WHAT YOU WILL DO:
Which lines of the listing below contain the word "with"? Copy each of them.

RECORDS PROVIDED:
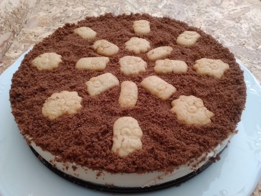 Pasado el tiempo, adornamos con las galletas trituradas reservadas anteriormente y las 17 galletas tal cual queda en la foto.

...

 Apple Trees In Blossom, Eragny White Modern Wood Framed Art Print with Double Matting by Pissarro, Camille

...

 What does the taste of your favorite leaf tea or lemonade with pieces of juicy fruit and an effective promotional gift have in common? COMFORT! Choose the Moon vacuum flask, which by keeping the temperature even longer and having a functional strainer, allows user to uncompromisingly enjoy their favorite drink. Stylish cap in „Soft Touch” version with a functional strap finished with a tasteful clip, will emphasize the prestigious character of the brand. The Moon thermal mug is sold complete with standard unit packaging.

YOUR RESPONSE:
 Apple Trees In Blossom, Eragny White Modern Wood Framed Art Print with Double Matting by Pissarro, Camille
 What does the taste of your favorite leaf tea or lemonade with pieces of juicy fruit and an effective promotional gift have in common? COMFORT! Choose the Moon vacuum flask, which by keeping the temperature even longer and having a functional strainer, allows user to uncompromisingly enjoy their favorite drink. Stylish cap in „Soft Touch” version with a functional strap finished with a tasteful clip, will emphasize the prestigious character of the brand. The Moon thermal mug is sold complete with standard unit packaging.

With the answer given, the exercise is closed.